### Problem requirements
The lines to repeat are those below from the one containing "1、阅读器:本系统采用超高频" down to the one containing "Below, The Guardian", both included; reproduce them exactly and nothing else.

### Material provided
====
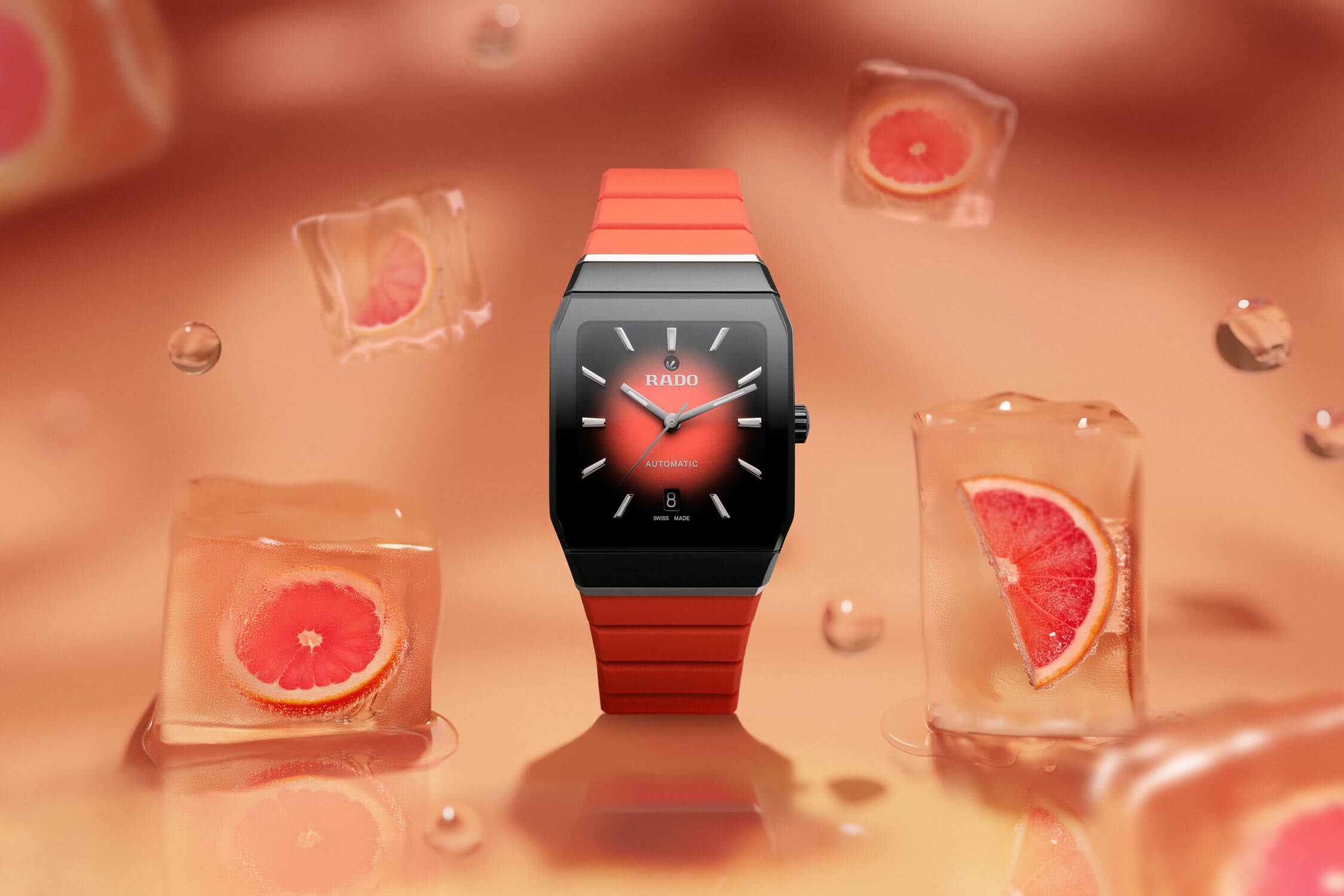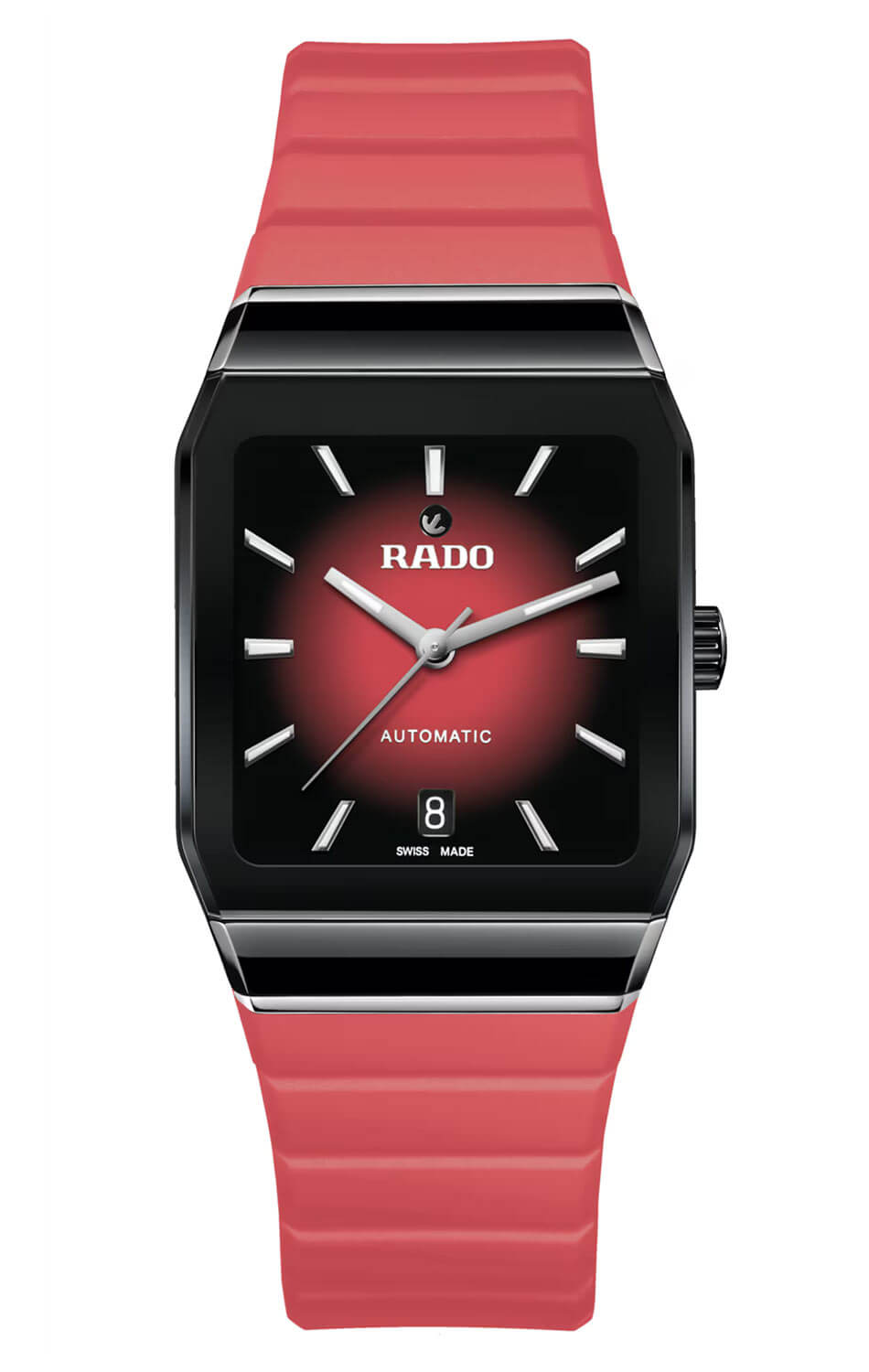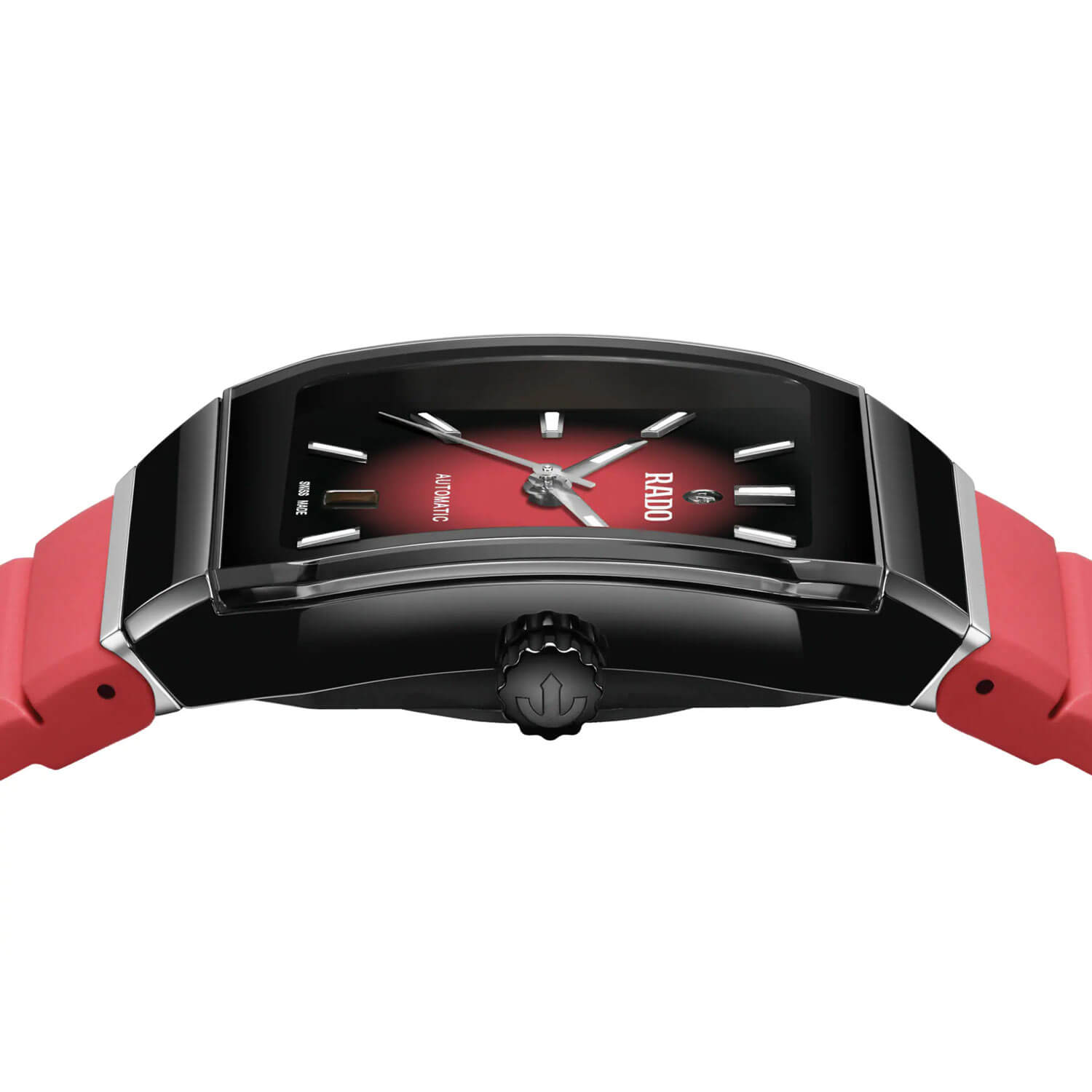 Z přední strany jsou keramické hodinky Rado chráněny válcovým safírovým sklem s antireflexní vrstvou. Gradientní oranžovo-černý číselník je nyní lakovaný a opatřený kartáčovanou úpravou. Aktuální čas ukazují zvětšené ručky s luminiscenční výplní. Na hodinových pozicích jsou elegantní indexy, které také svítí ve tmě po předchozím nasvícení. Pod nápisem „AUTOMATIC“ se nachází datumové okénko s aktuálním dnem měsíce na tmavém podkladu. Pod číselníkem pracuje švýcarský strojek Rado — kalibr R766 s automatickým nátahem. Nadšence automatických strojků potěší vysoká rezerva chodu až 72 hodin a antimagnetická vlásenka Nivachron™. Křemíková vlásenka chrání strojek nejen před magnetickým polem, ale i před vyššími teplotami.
====
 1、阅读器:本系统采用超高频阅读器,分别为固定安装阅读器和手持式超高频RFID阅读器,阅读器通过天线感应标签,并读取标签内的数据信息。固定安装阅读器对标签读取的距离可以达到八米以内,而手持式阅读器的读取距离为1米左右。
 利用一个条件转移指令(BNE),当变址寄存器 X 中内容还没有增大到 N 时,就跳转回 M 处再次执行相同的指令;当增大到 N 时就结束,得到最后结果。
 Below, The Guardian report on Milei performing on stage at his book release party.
====
### Result
 1、阅读器:本系统采用超高频阅读器,分别为固定安装阅读器和手持式超高频RFID阅读器,阅读器通过天线感应标签,并读取标签内的数据信息。固定安装阅读器对标签读取的距离可以达到八米以内,而手持式阅读器的读取距离为1米左右。
 利用一个条件转移指令(BNE),当变址寄存器 X 中内容还没有增大到 N 时,就跳转回 M 处再次执行相同的指令;当增大到 N 时就结束,得到最后结果。
 Below, The Guardian report on Milei performing on stage at his book release party.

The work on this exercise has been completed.